The examples below demonstrate this runnable works using a few simple chains. The chains rely on simple lambdas to make the examples easy to execute and experiment with.

In [4]:
runnable = RunnableParallel(
    origin=RunnablePassthrough(),
    modified=lambda x: x+1
)

print(runnable.invoke(1)) # {'origin': 1, 'modified': 2}


def fake_llm(prompt: str) -> str: # Fake LLM for the example
    return prompt + " world"

chain = RunnableLambda(fake_llm) | {
    'original': RunnablePassthrough(), # Original LLM output
    'parsed': lambda text: text[::-1] # Parsing logic
}

chain.invoke('hello')

{'origin': 1, 'modified': 2}


{'original': 'hello world', 'parsed': 'dlrow olleh'}

---

## Prompt + Model

In [5]:
from langchain_openai.chat_models import ChatOpenAI
from langchain_core.prompts import ChatPromptTemplate

chat = ChatOpenAI()
prompt = ChatPromptTemplate.from_template('Tell me a joke about {topic}')

chain = prompt | chat
print(chain)

first=ChatPromptTemplate(input_variables=['topic'], input_types={}, partial_variables={}, messages=[HumanMessagePromptTemplate(prompt=PromptTemplate(input_variables=['topic'], input_types={}, partial_variables={}, template='Tell me a joke about {topic}'), additional_kwargs={})]) middle=[] last=ChatOpenAI(client=<openai.resources.chat.completions.Completions object at 0x78fe141434c0>, async_client=<openai.resources.chat.completions.AsyncCompletions object at 0x78fe141892a0>, root_client=<openai.OpenAI object at 0x78fe1577b190>, root_async_client=<openai.AsyncOpenAI object at 0x78fe141434f0>, model_kwargs={}, openai_api_key=SecretStr('**********'))


In [6]:
print("first", chain.first)
print("last", chain.last)

first input_variables=['topic'] input_types={} partial_variables={} messages=[HumanMessagePromptTemplate(prompt=PromptTemplate(input_variables=['topic'], input_types={}, partial_variables={}, template='Tell me a joke about {topic}'), additional_kwargs={})]
last client=<openai.resources.chat.completions.Completions object at 0x78fe141434c0> async_client=<openai.resources.chat.completions.AsyncCompletions object at 0x78fe141892a0> root_client=<openai.OpenAI object at 0x78fe1577b190> root_async_client=<openai.AsyncOpenAI object at 0x78fe141434f0> model_kwargs={} openai_api_key=SecretStr('**********')


In [7]:
# Stream:
print('\n\nStream:\n')
for s in chain.stream({"topic": "bears"}):
    print(s.content, end="", flush=True)

# Invoke:
print('\n\nInvoke:\n')
print(chain.invoke({"topic": "bears"}).content)

# Batch:
print('\n\nBatch:\n')
print(chain.batch([{"topic": "bears"}, {"topic": "bears"}, {"topic": "bears"}]))



Stream:

Why did the bear dissolve in water?

Because it was polar!

Invoke:

Why did the bear break up with his girlfriend? 

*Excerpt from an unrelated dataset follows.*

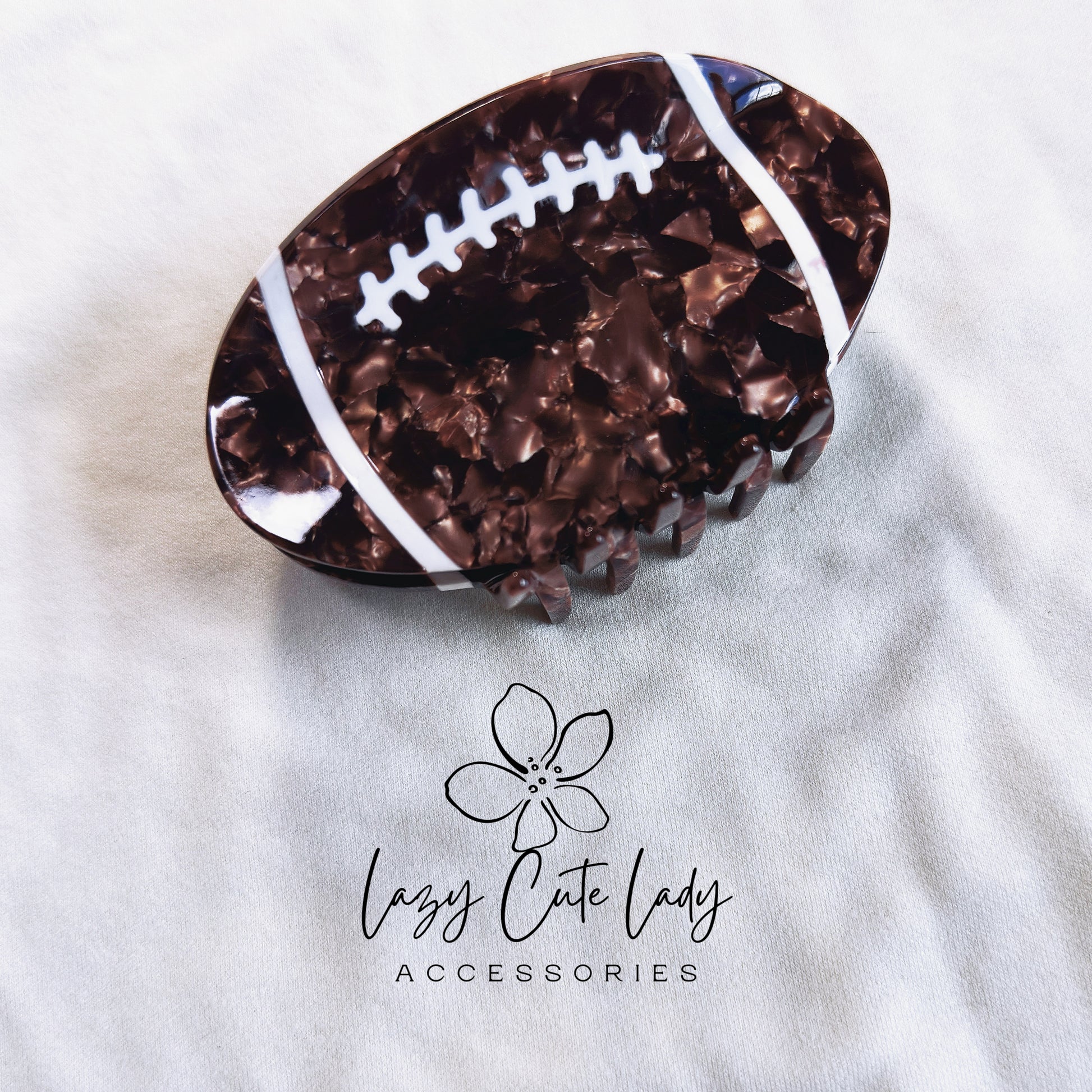 Introducing our Eco-Friendly Acetate Football Hair Claw, a fun and realistic hair accessory designed to add a playful touch to your look. Crafted from high-quality, sustainable acetate material, this hair claw features a football shape that’s both unique and eye-catching. Acetate is known for being lightweight, durable, and environmentally friendly, making it an excellent choice for those who care about sustainability. Measuring 4 inches in length, it is perfectly sized for practicality and versatility. Whether you're styling an updo or leaving your hair down, this hair claw securely holds your hair in place, making it suitable for various hairstyles. It’s easy to pair with different outfits, bringing energy and personality to your fashion ensemble.

Because he couldn't bear the relationship any longer!


Batch:

[AIMessage(content="Why did the bear break up with his girlfriend? \n\nBecause he couldn't bear the relationship any longer!", additional_kwargs={'refusal': None}, response_metadata={'token_usage': {'completion_tokens': 21, 'prompt_tokens': 13, 'total_tokens': 34, 'completion_tokens_details': {'reasoning_tokens': 0}}, 'model_name': 'gpt-3.5-turbo-0125', 'system_fingerprint': None, 'finish_reason': 'stop', 'logprobs': None}, id='run-c4a387af-ac64-498c-84dd-e41431ae3fb6-0', usage_metadata={'input_tokens': 13, 'output_tokens': 21, 'total_tokens': 34}), AIMessage(content="Why did the bear break up with his girlfriend? \n\nBecause he couldn't bear the relationship any longer!", additional_kwargs={'refusal': None}, response_metadata={'token_usage': {'completion_tokens': 21, 'prompt_tokens': 13, 'total_

---

## Retrieval Augmented Generation (RAG) in LCEL

**Retrieval Augmented Generation (RAG)** is a powerful technique that combines information retrieval and generative models to improve the quality of generated text, especially in cases where the model doesn't have enough specific knowledge. RAG enables language models to answer queries or generate text based on external data sources, such as documents or knowledge bases, by retrieving relevant information before generating the final response.

In the context of **LangChain Expression Language (LCEL)**, RAG can be implemented by chaining together components that handle information retrieval and text generation using LCEL's **runnables** and **pipe operators** (`|`).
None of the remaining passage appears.